Required work: Retype the data below verbatim; pictures do not belong in the copy.

Given material:
+===+
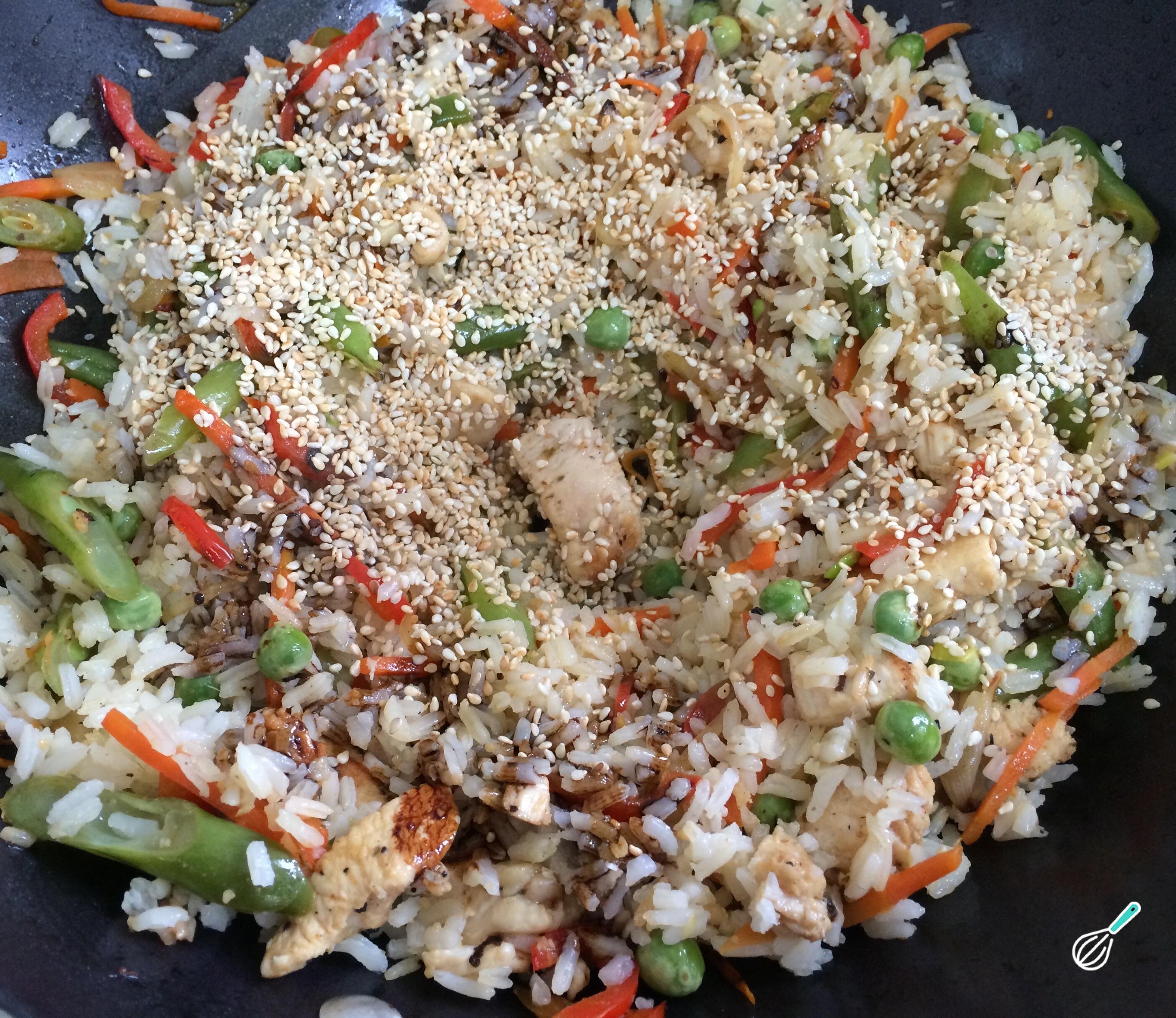Quando o frango estiver pronto, volte a adicionar os legumes, junto com o arroz, o shoyu e as sementes de gergelim. Misture todos estes ingredientes, cozinhe por mais 10 minutos e, se necessário, acerte o sabor com sal e pimenta.
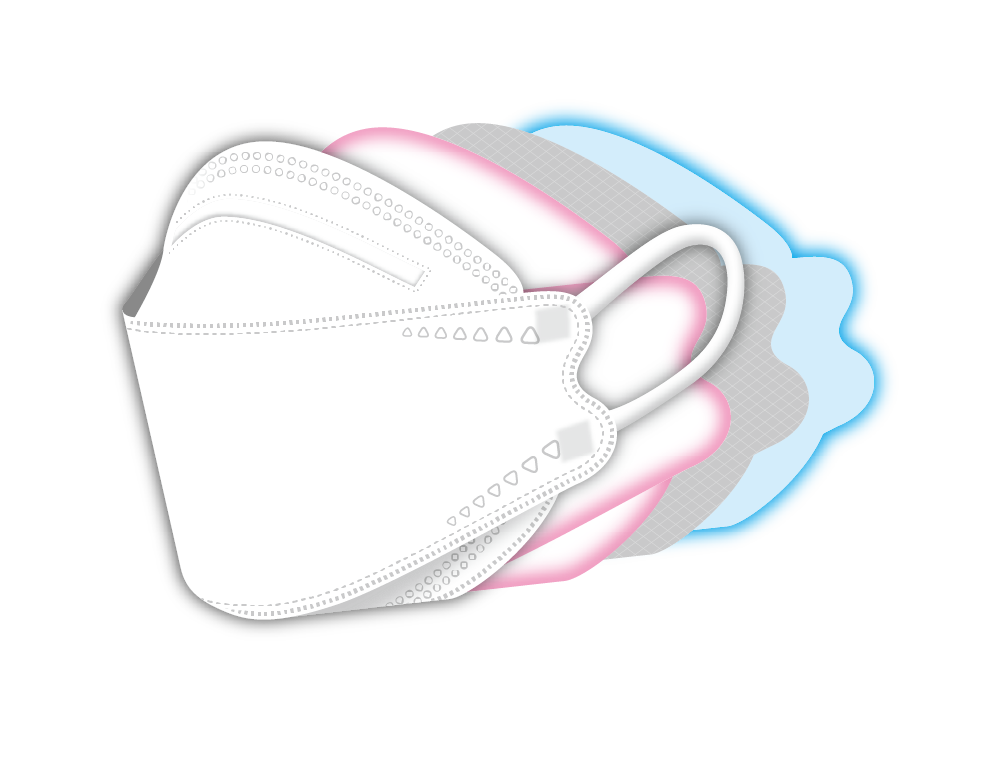マスク最外層にスパンレースを採用。 素材自体を柔らかくすることで従来より 上下の動きに追随しやすい仕様に。さらに鮮やかなカラー展開を実現できました。
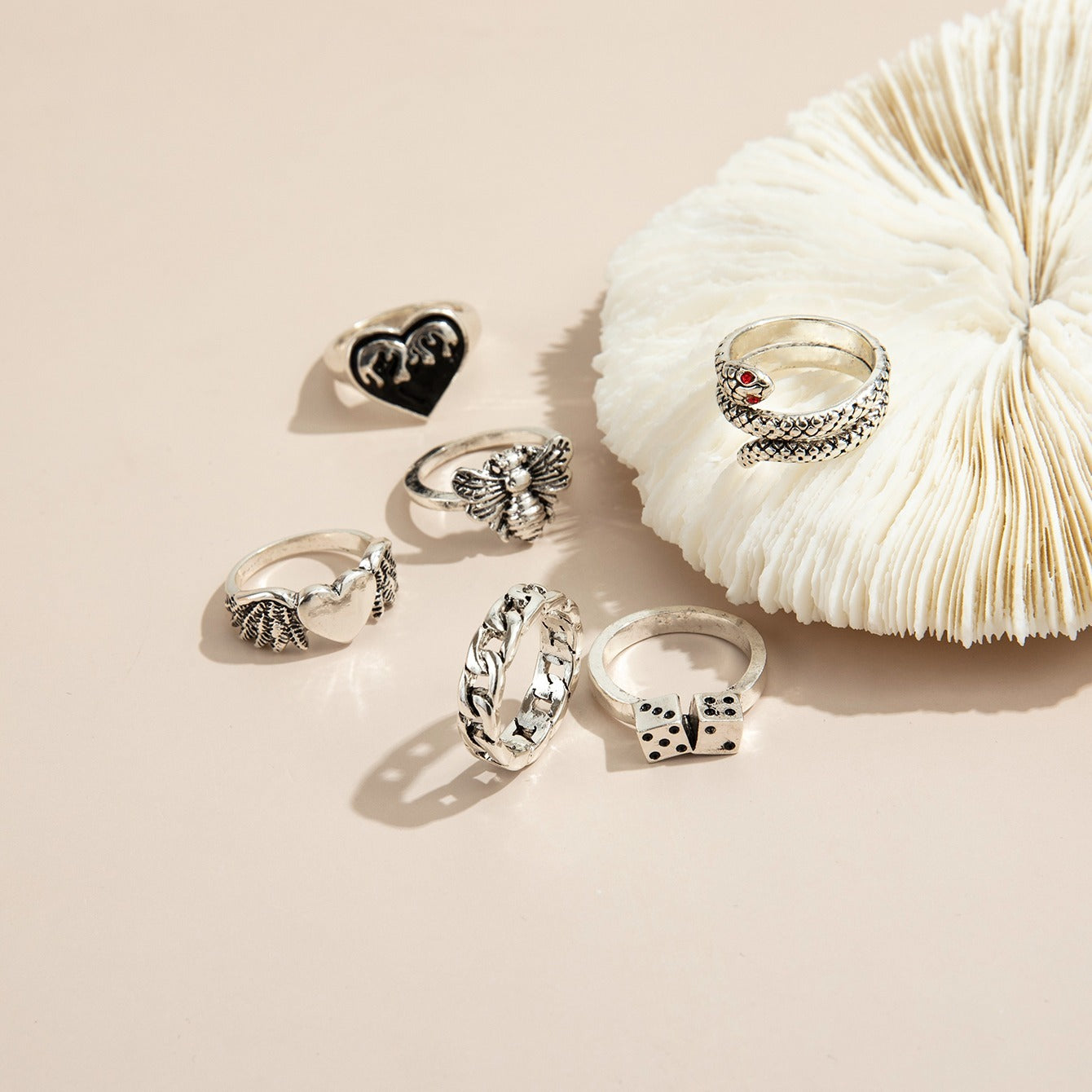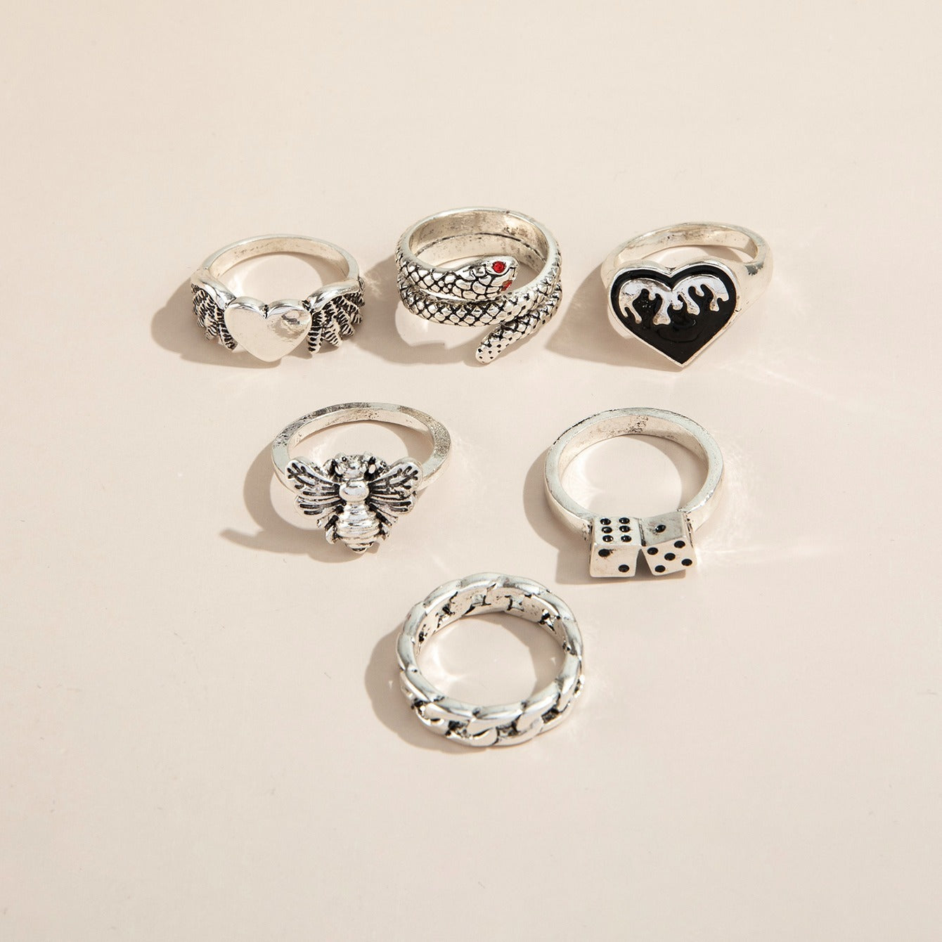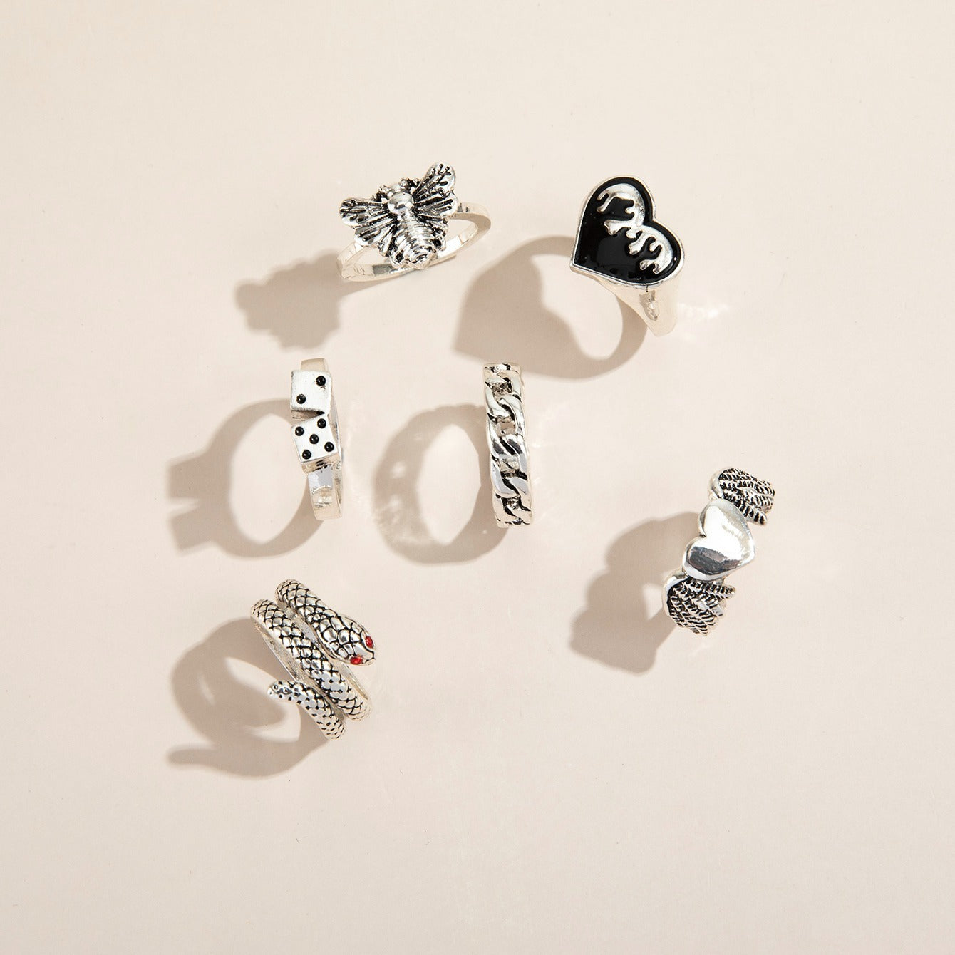 Enhance your style with this set of 6 vintage metal rings. Perfect for daily wear or special occasions.
+===+
The answer:
Quando o frango estiver pronto, volte a adicionar os legumes, junto com o arroz, o shoyu e as sementes de gergelim. Misture todos estes ingredientes, cozinhe por mais 10 minutos e, se necessário, acerte o sabor com sal e pimenta.
マスク最外層にスパンレースを採用。 素材自体を柔らかくすることで従来より 上下の動きに追随しやすい仕様に。さらに鮮やかなカラー展開を実現できました。
 Enhance your style with this set of 6 vintage metal rings. Perfect for daily wear or special occasions.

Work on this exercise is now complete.